As an undergraduate, starting to think about the way that behavioural ecologists talk about non-human animal personality – consistent behaviours, present across time and context – I began to think about my own (human) experience of dyslexia, dyspraxia, and ADHD – which have been consistent for me, across time and context. At the time of my diagnosis, in 1997, these conditions were combined under the umbrella terms of specific learning difficulties and developmental delay. Unlike my experience of school through the 1990s and early 2000s, I am no longer the only person in the room with a specific learning difficulty, but attitude, and the labels we use, have changed.
Although I welcome the shift away from the medicalised terms of the 1990s to a more flexible and accepting spectrum of neurodivergence, and, as more of my friends, diagnosed as adults, are identifying with its various colours and catch-alls, I still sometimes feel alone in my specific learning difficulty. My diagnosis was not sugar-free, and it was not (is not?) something that I wanted to be defined by.
After hearing her speak on Desert Island Discs in 2013, I contacted the cognitive psychologist Professor Uta Frith, convinced that if a consistent aspect of my personality, present over time and context, was disrupting my life this much, that a specific learning difficulty must constitute some form of personality disorder. She replied very kindly about problems with self-reported data, correlational studies and a reliance on behaviour to measure personality traits. I like to think that I wasn’t even the first person with an ADHD diagnosis to contact her that afternoon.
Of course, these terms, old and new, describe the same thing, a cluster of behavioural traits around exploration, rather than exploitation, but language matters. A quick Google of their definitions, for example, gives different summaries by the AI overview:
Specific Learning Difficulties: Characterised by persistent difficulties in acquiring and using specific skills such as reading, writing, or math. These difficulties can range from mild to severe and are independent of intellectual ability. Individuals with SpLDs may also experience challenges with organisation, memory, and time management.
Neurodivergence: Characterised by differences in social communication, sensory processing, executive functions, and learning styles. While some traits can present challenges, they are also associated with unique strengths such as creativity, focus, and emotional intelligence.
I had the privilege of an early diagnosis (if that is the right word), but my experience of, and therefore my attitude towards, my own learning difficulty, feels different to my recently diagnosed friends. To be diagnosed at a time when the language used to describe neurodivergence was deficit-focused, meant that I felt characterised by those persistent difficulties – there was a note by my name in the register. Whereas the language used today is inclusive and empowering – neurodivergence, functionally diverse, the superpowers of creativity, focus and emotional intelligence. Where one focusses on costs, the other focusses on the benefits of exploration over exploitation – a learning difference has the potential to empower.

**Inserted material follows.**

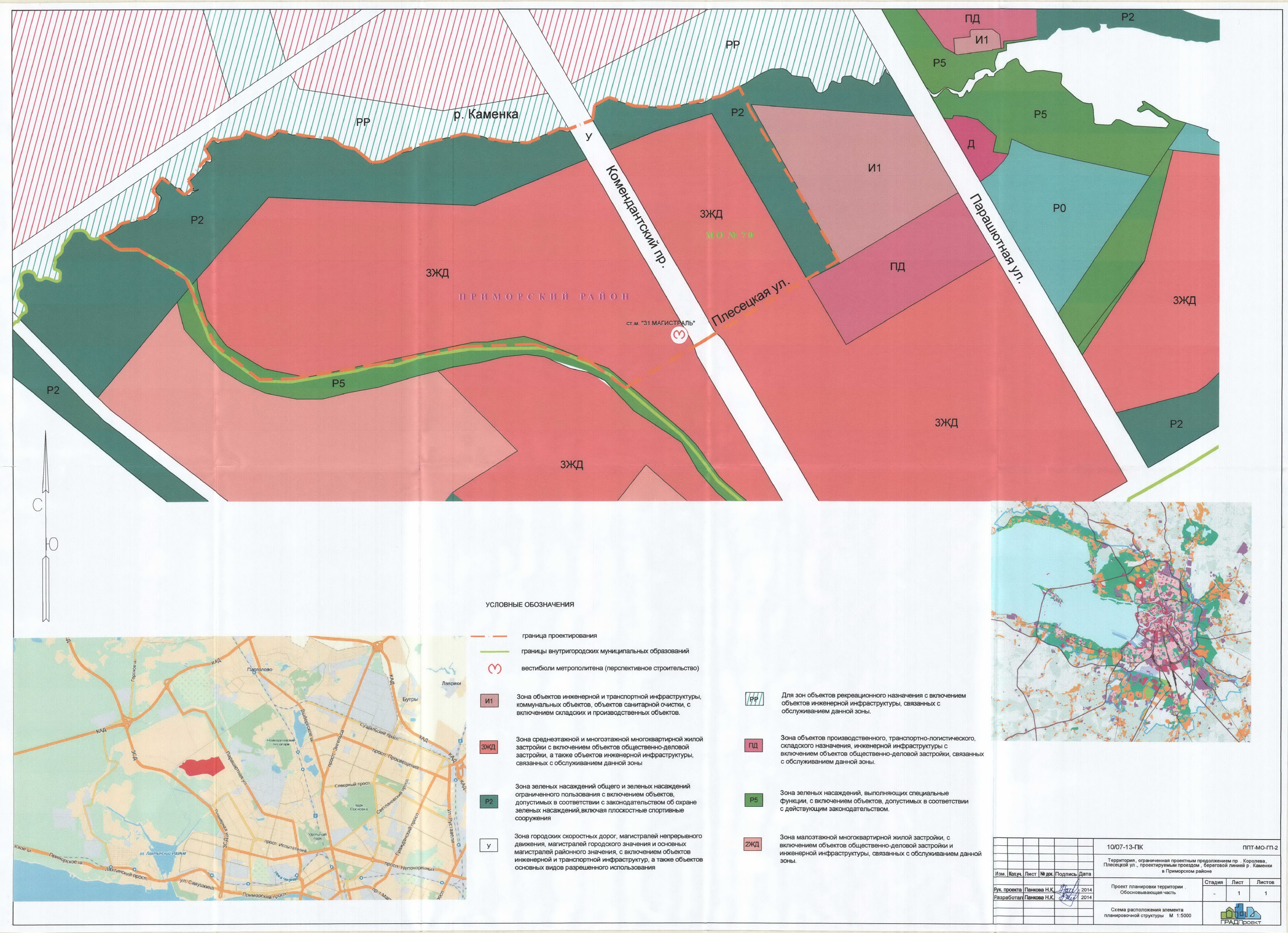 Участок под перспективное строительство станции "Магистраль № 31" утвержден постановлением Правительства Санкт-Петербурга (далее - ПП СПб) от 22.12.2014 г. № 1213 "Об утверждении проекта планировки с проектом межевания территории, ограниченной проектным продолжением пр. Королева, Плесецкой ул., проектируемым проездом, береговой линией р. Каменка, в Приморском районе". Схемы из обоснований к проекту планировки территории:

In writing this article I am continuing to reflect on my specific learning difficulties, but I want to also acknowledge the inherent privilege in that. To some extent, my specific-learning difficulties will always frame how I experience rejection at work, reading between the lines of automated rejection e-mails and peer-reviews focused on grammar over substance. But there are people who struggle in the same way without the benefit of an answer as to why. I can’t overstate how, for those people, a diagnosis is life-changing. I am very lucky.
Still, when applying for post-docs or fellowships in recent years, for some reason, I have hidden my disability from the application form. In the part with the drop-down disability menu, with option for Dyslexia, Dyspraxia, and/or ADHD, I worry that clicking it somehow admits to the deficiency. I worry that the person reading my application might prefer a candidate with less HR baggage, with better academic attainment as a teenager, somebody who talks less, and who can proof-read easily. Somebody better able to exploit their environment, rather than explore new ones.
Although behavioural traits that cluster around exploration have brought me a lot of success and fulfilment, I wonder if I’d feel differently on those application forms if I had been diagnosed with a super-power, rather than a deficiency.